During the war, Moscu gradually moved toward communism, being engaged with the "maximalist" group that chose to continue its activity clandestinely in German-occupied Romania. In 1918 he was arrested in Bucharest by the German military administration and sentenced to four and a half years confinement in Jilava Prison for spreading a manifesto saluting the Russian Revolution. Set free in November 1918, he was arrested again the following month on charges of "attack on public security", after the reinstalled Romanian authorities opened fire on demonstrating workers during a general strike. Moscu left the country in March 1919 and, after a brief internment at Užice, made his way to Austria, where he re-established contact with the Romanian movement. In November he represented the youth wing of the Socialist Party in the Berlin Congress that created the Communist Youth International, signing its founding manifesto in the name of the Working Youth of Romania. After a failed attempt to return to Romania in the summer of 1920, Moscu was finally able to do so during autumn. In Bucharest he became one of the main supporters of the creation of a Communist Party, also organising a conference of the clandestine communist factions in Iași during the spring of 1921. In June 1921 he left Romania for Soviet Russia with his wife Clara (also known under the pseudonym Ana Bădulescu). Moscu, who had by the time adopted the name Bădulescu, headed the Romanian delegation to the Third Congress of the Communist International (Comintern), being elected a member of its Executive Committee (ECCI), as the sole Romanian representative. At the same Congress his wife was elected in the International Communist Women's Secretariat. Afterwards, the couple moved to Moscow, and was active in the Comintern press. Designated the Romanian representative to the Balkan Communist Federation in 1922, Moscu moved to Bulgaria, where the latter organisation had its headquarters. Following the Balkan Conference held in Moscow in autumn 1923, he settled in the Soviet Union and was appointed deputy rapporteur of the ECCI for the Balkan countries. In 1924 he was admitted in the Bolshevik Party, and later that year participated in Romanian Communist Party's third congress, which took place in Vienna. During most of the interwar, Moscu remained the RCP permanent delegate to the Comintern, and in 1927 he was also appointed a member in the Balkan Secretariat of the Comintern.

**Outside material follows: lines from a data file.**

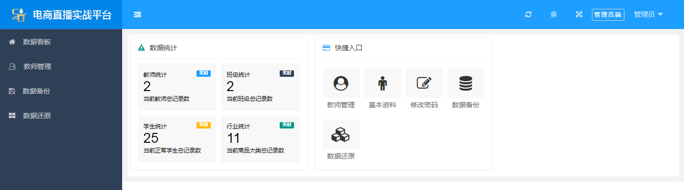 1)數據統計:班級統計、學生統計、學生審核統計、音視頻統計、案例統計、圖片統計、店鋪統計、商品統計;
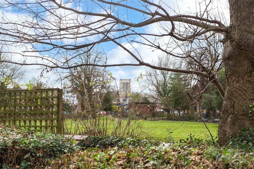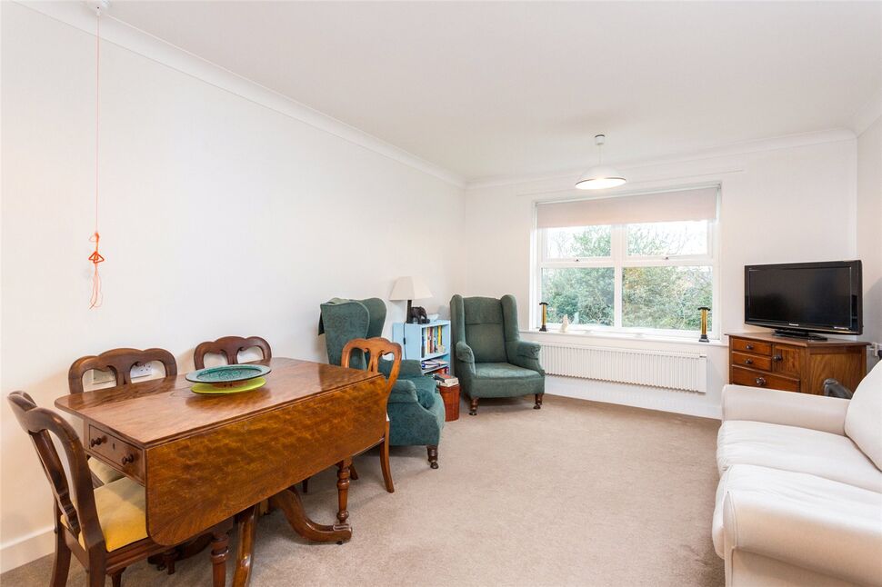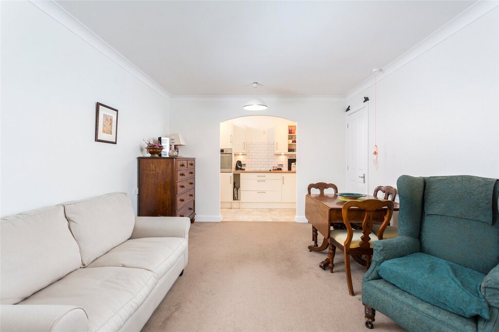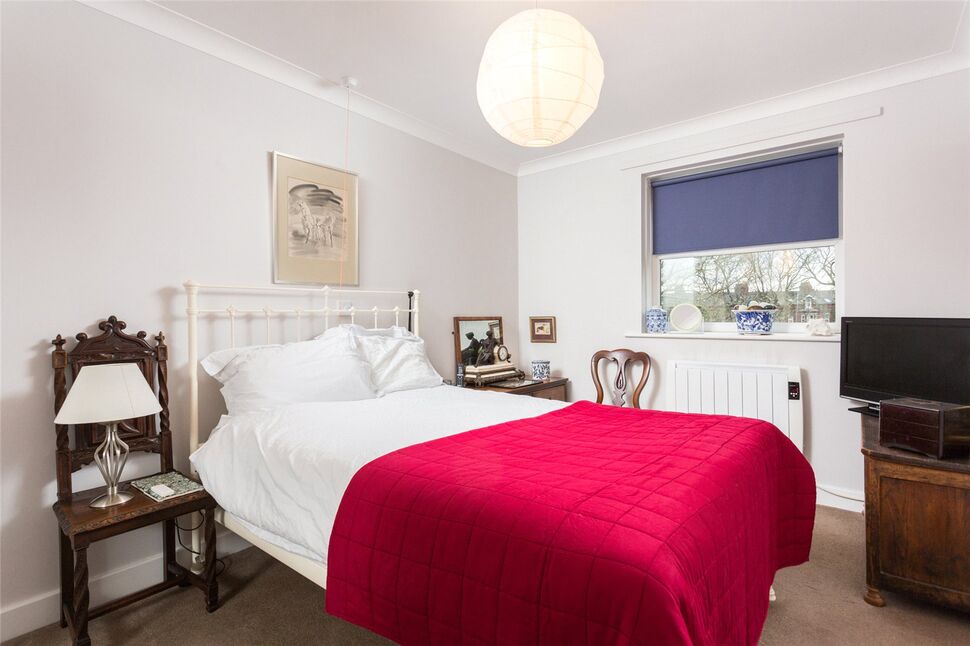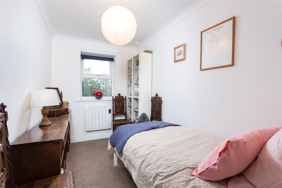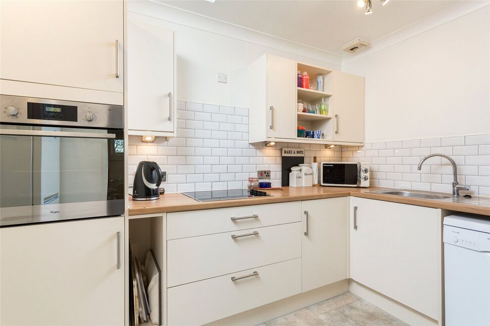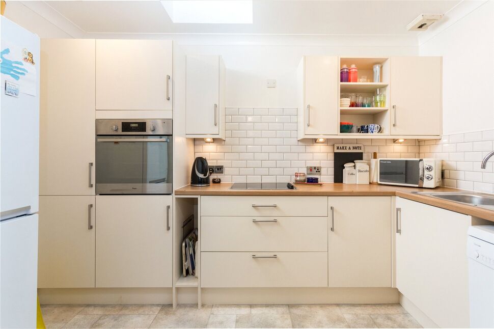 Once inside the apartment, the entrance hallway has two large storage cupboards with one housing the hot water tank. The lounge/dining room has a large window at one end overlooking the communal garden and adjacent park. At the other end is an opening into the kitchen which is flooded with light from an overhead skylight and is fitted with a range of wall and base units with wood effect worktops, tiled splashbacks, an electric hob, electric oven/grill, and spaces for a dishwasher and fridge/freezer.
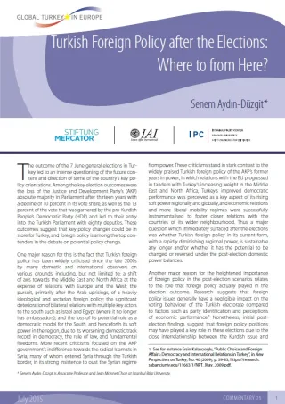Turkish Foreign Policy after the Elections: Where to from Here?
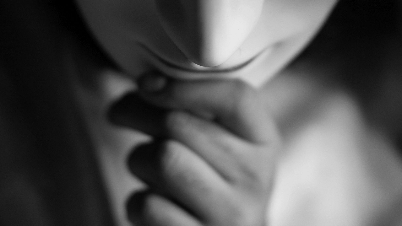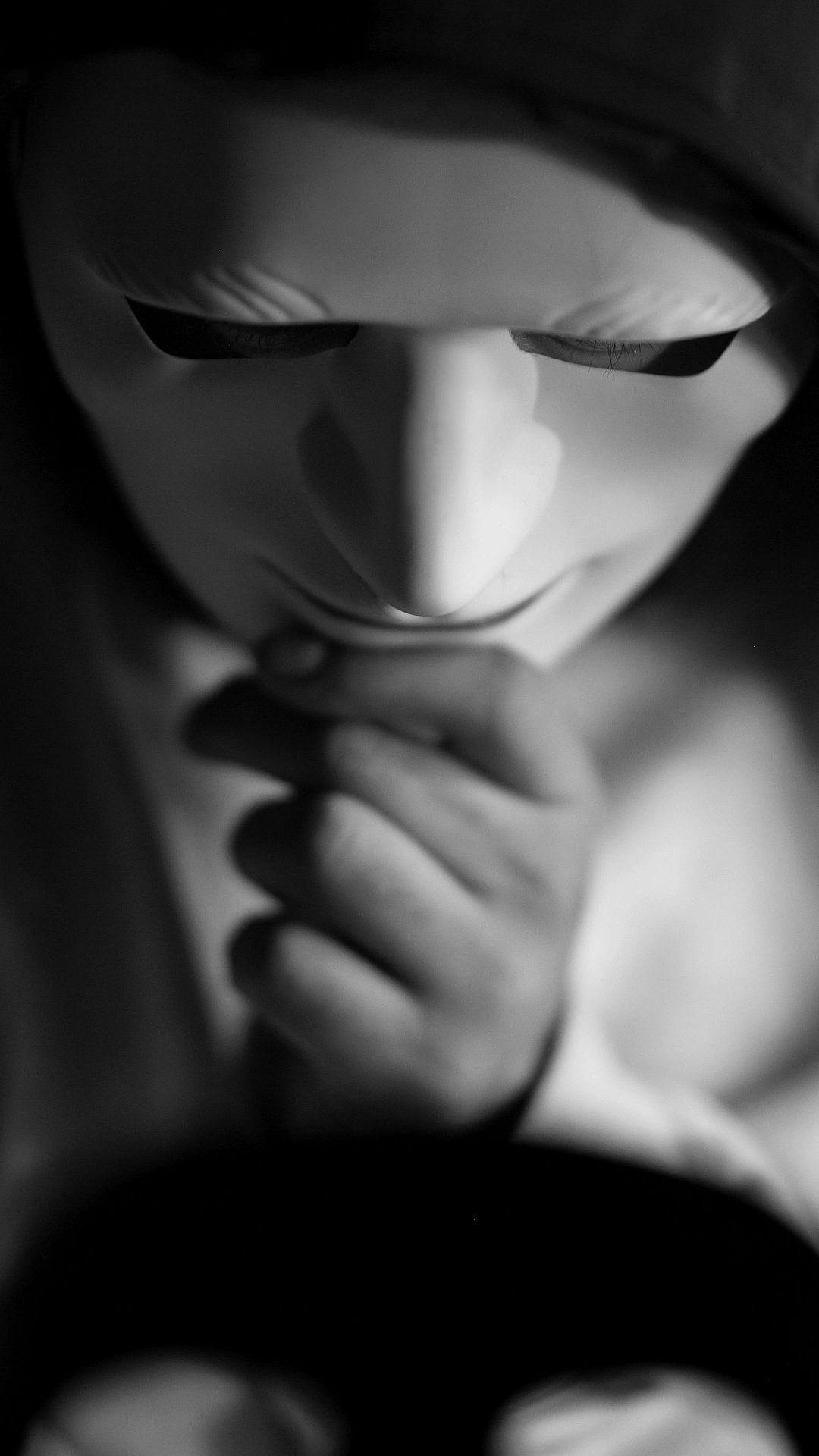 Keywords: black and white, woman, face, covering, hiding, monochrome, portrait, mysterious, secretive, anonymous, shadow, emotion, feeling, sadness, concealed

In 1929, during the intense factional fights which divided the Romanian Communist Party, Moscu left the Comintern apparatus and, after taking some university courses in commerce, he led the international section of the Soviet National Committee of Standardization. After September 1932, when the section was disbanded, he worked as the assistant manager of the international section of the People's Commissariat for Communications of the USSR. Temporarily excluded from the Communist Party, Moscu had to leave this position and start working as a consulting editor for the Co-operative Publishing Society of Foreign Workers in the USSR. Expelled again from the Party in 1935, he was eventually killed in 1937, during the Great Purge, accused of creating a spy ring inside the ECCI. He was later rehabilitated, first in the USSR and then in Romania, during the de-stalinization campaigns in the Eastern Bloc.